Gandouling protects against hepatic fibrosis in Wilson disease through the lncRNA-SNHG7/miR-29b/DNMT3A pathway

In total, 60 specific pathogen-free (SPF) male SD rats (180–200 g, Hangzhou Ziyuan Laboratory Animal Technology Co.) were housed under controlled conditions in the Animal Center of the School of Pharmacy of the First Affiliated Hospital of Anhui University of Chinese Medicine with unrestricted access to food and water. After one week of acclimatization under standard conditions (ambient temperature of 24 to 26 °C), the rats were randomly allocated to 6 groups (n = 10 per group): control, model, PCA, GDL low-dose, GDL medium-dose, and GDL high-dose groups. The model was induced by daily oral gavage of copper sulfate pentahydrate (300 mg/kg) to all groups, except for the control group, for 30 days (Zhang et al. 2023). The control group received an equivalent volume of distilled water daily throughout this period.

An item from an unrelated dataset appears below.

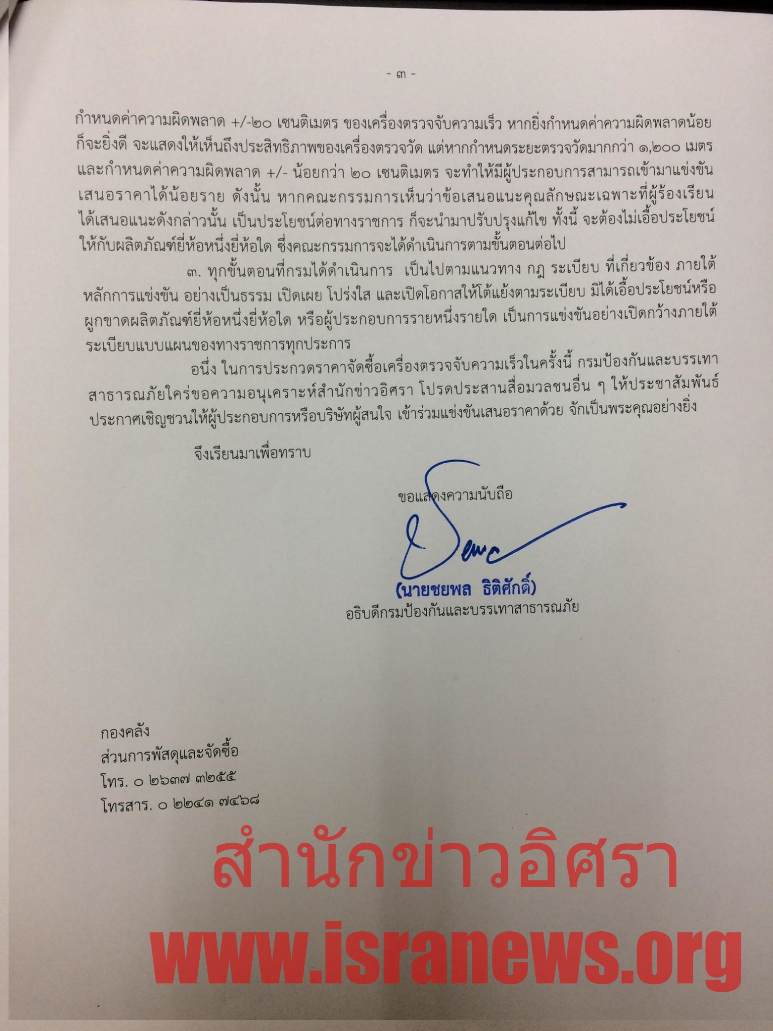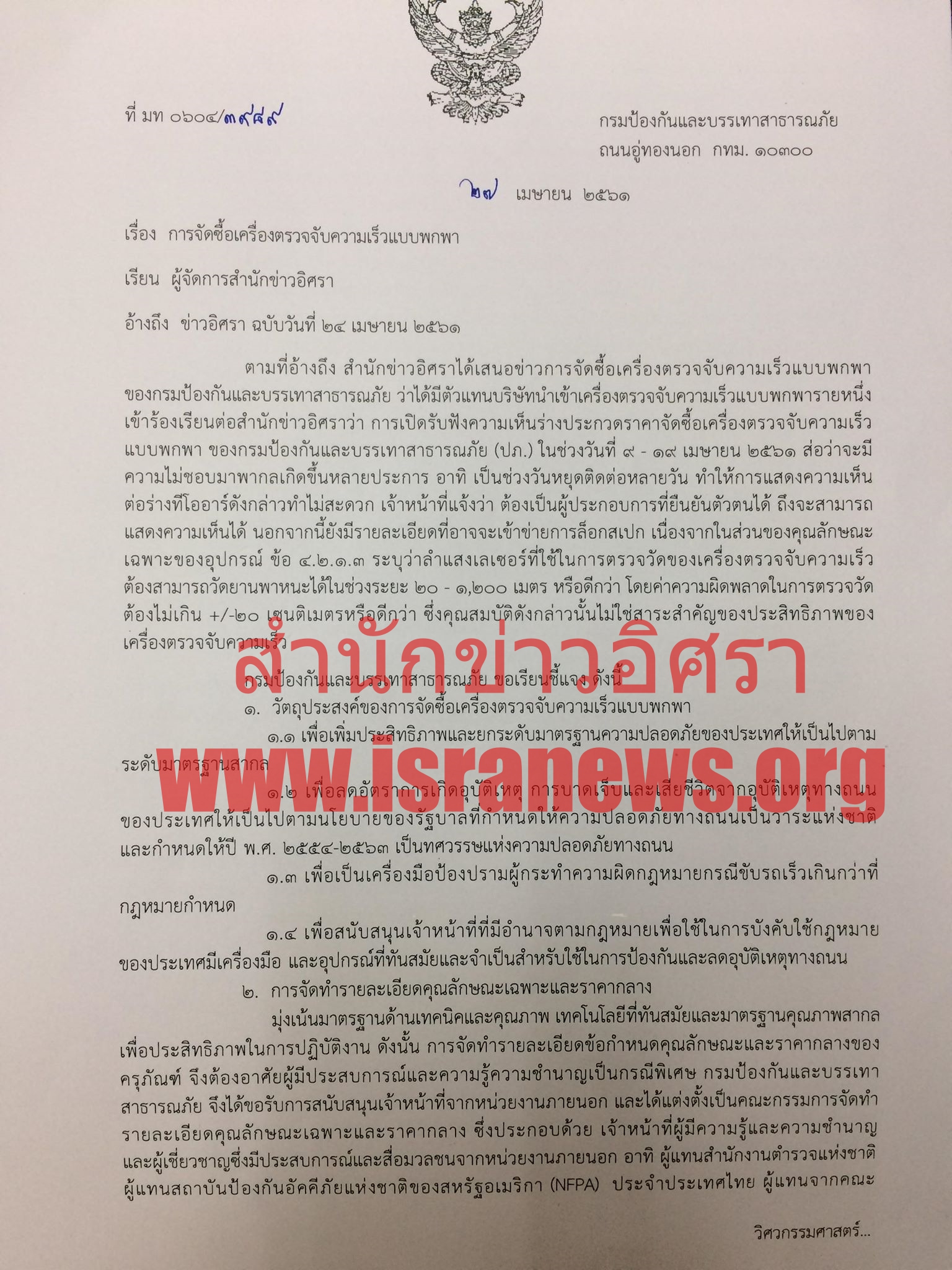 สืบเนื่องจากสำนักข่าวอิศรา www.isranews.org นำเสนอข่าวกรณีผู้ประกอบการธุรกิจนำเข้าเครื่องตรวจจับความเร็วแบบพกพาร้องเรียนถึงความไม่ชอบมาพากลในการจัดทำร่างเอกสารข้อกำหนดเงื่อนไขการจัดซื้อจัดจ้าง (TOR) เครื่องตรวจจับความเร็วแบบพกพา ของกรมป้องกันและบรรเทาสาธารณภัย (ปภ.) มูลค่า 573 ล้านบาท อาทิ การเปิดรับฟังความคิดเห็นต่อร่าง TOR ช่วงวันหยุดสงกรานต์หลายวันคือตั้งแต่วันที่ 9-19 เม.ย. การกำหนดคุณลักษณะเฉพาะอุปกรณ์ตรวจจับความเร็วที่ระบุในทีโออาร์ในข้อ 4.2.1.3 ระบุว่าลำแสงเลเซอร์ที่ใช้ในการตรวจวัดของเครื่องตรวจจับความเร็ว ต้องสามารถวัดยานพาหนะได้ในช่วงระยะ 20-1,200 เมตร หรือดีกว่านั้น (อ่านประกอบ:หวั่นTORเครื่องตรวจความเร็ว573ล.ล็อกสเปก! เอกชนข้องใจเปิดรับฟังความเห็นวันหยุดสงกรานต์)
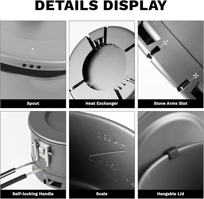 - Ultralight & Compact - Weighing only 188g (6.6oz) with a nested size of 147×146×108mm (5.8×5.7×4.3in), this hard-anodized aluminum pot is engineered for solo hikers prioritizing weight savings without compromising on cooking performance.

Following the successful establishment of the model, drug treatments were administered via oral gavage for an additional 30 days. During this period, the copper sulfate gavage was continued for the model, PCA, and GDL groups. The drug treatments were as follows: the GDL low-, medium-, and high-dose groups received GDL (First Affiliated Hospital of Anhui University of Chinese Medicine, Lot No.: Z20050071) at 0.24, 0.48, and 0.96 g/kg, respectively; the PCA group was treated with PCA (Shanghai Medicine Xinyi Pharmaceutical Co, Batch No.: H31022286) at 90 mg/kg; both the control and model groups received equal volumes of distilled water. All dosing volumes were calibrated weekly based on body weight.

After the final administration and following a 12 h fast, 6 rats per group were randomly selected for sample collection. The animals were anesthetized by intraperitoneal injection of 2% sodium pentobarbital (40 mg/kg). Blood samples were collected from the abdominal aorta and were stored at − 20 °C. The liver was rapidly excised; one portion was snap-frozen in liquid nitrogen and stored at − 80 °C for further analysis, while the second portion was fixed in 10% paraformaldehyde for histological examination. The rats were euthanized with an overdose of sodium pentobarbital. All procedures were performed in compliance with institutional ethical guidelines approved by the Experimental Animal Ethics Committee of Anhui University of Chinese Medicine (Approval No.: AHUCM-rats-2023190) (Fig. 1).

The human HSC cell line LX-2 (Shanghai Saibai Kang, iCell-h128) was purchased from Shanghai Fuhang Biotechnology Co. (Cat No. FH0108). The cells were cultured in DMEM supplemented with 10% FBS and 1% penicillin and streptomycin. Cells were cultured at 37 °C in a humidified atmosphere of 5% CO₂ and 95% air. Twenty-four male SD rats were randomly divided into the blank and GDL groups, with those in the GDL group receiving 10 times the clinical equivalent of a 70 kg-adult daily dose by gavage. The blank group was given an equivalent amount of saline. Gavage was administered once daily for 7 days. On day 7, blood was collected from the abdominal aorta 12 h after the last dose and was centrifuged at 3000 rpm for 10 min to collect the serum.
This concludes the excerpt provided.